[DATA SHOWN Boundary: Start]

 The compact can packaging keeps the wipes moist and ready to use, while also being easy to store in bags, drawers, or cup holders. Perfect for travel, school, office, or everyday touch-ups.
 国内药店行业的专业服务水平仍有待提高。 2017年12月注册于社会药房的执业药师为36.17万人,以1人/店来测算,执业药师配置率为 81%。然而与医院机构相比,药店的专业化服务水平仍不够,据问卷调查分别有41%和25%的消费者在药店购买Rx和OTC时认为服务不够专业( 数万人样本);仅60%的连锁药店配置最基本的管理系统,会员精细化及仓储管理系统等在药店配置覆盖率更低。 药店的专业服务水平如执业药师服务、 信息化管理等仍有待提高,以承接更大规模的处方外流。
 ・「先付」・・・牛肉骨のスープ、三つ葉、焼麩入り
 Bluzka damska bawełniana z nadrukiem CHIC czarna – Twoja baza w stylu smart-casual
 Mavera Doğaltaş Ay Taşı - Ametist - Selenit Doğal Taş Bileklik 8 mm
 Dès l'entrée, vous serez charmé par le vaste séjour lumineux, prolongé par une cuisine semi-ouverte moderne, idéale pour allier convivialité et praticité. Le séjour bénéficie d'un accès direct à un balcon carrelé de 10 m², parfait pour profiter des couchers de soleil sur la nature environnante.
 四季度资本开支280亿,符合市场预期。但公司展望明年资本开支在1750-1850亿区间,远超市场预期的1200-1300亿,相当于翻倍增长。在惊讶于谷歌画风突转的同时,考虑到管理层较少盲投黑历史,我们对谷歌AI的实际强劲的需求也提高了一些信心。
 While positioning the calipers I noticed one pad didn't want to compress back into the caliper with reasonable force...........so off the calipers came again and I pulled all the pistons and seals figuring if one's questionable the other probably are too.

[DATA SHOWN Boundary: End]
[DATA SHOWN Boundary: Start]

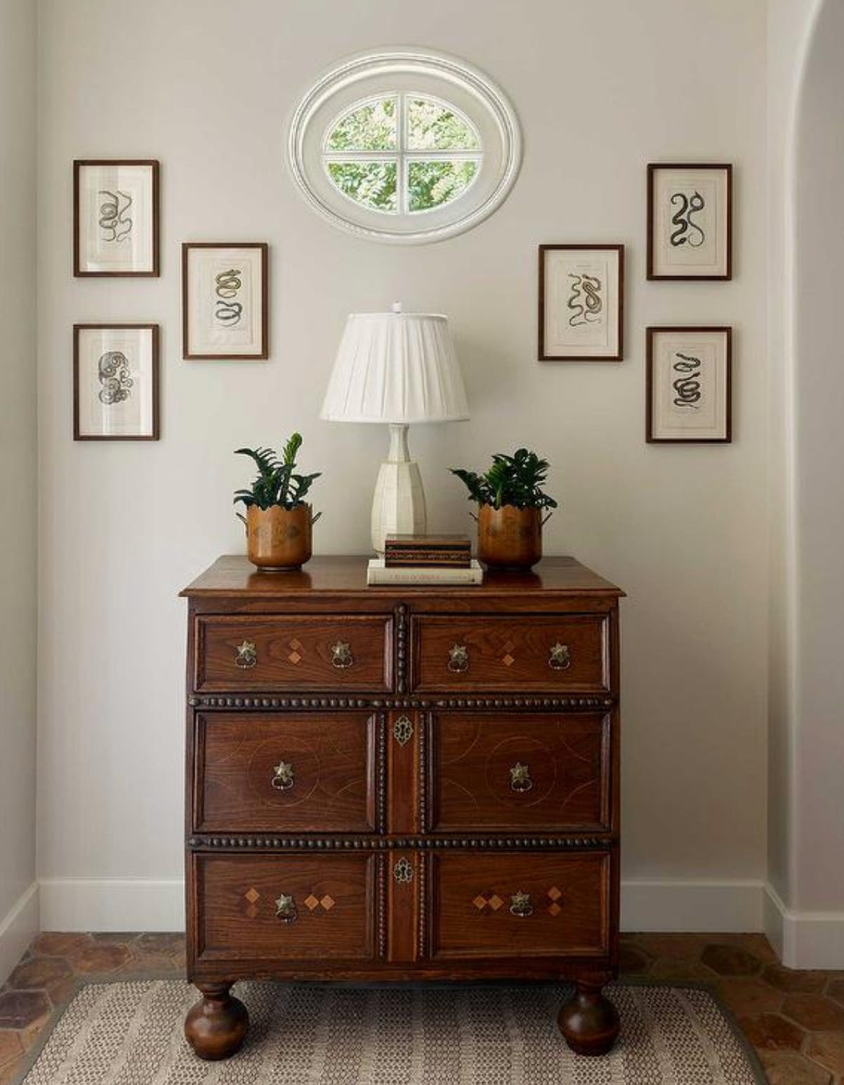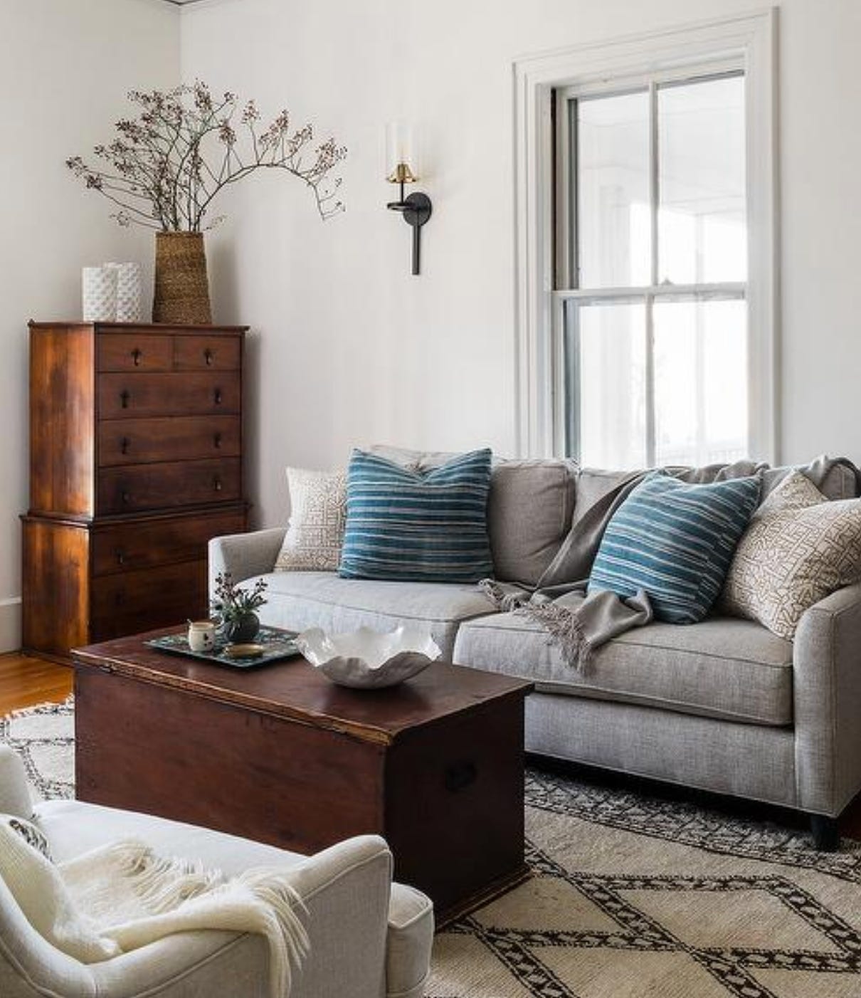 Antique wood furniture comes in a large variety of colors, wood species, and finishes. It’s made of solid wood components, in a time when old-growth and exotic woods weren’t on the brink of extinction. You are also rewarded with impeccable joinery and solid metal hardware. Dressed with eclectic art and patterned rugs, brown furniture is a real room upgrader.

[DATA SHOWN Boundary: End]
[DATA SHOWN Boundary: Start]

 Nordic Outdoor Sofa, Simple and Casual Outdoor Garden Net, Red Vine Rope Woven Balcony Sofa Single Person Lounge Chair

[DATA SHOWN Boundary: End]

▸ **GOAL OF THE EXERCISE**
In the data above, find the line with "Bluzka damska bawełniana" and the line with "Mavera Doğaltaş Ay". Retype both, plus every line between them, exactly.

▸ **SOLUTION FOR THIS TASK**
 Bluzka damska bawełniana z nadrukiem CHIC czarna – Twoja baza w stylu smart-casual
 Mavera Doğaltaş Ay Taşı - Ametist - Selenit Doğal Taş Bileklik 8 mm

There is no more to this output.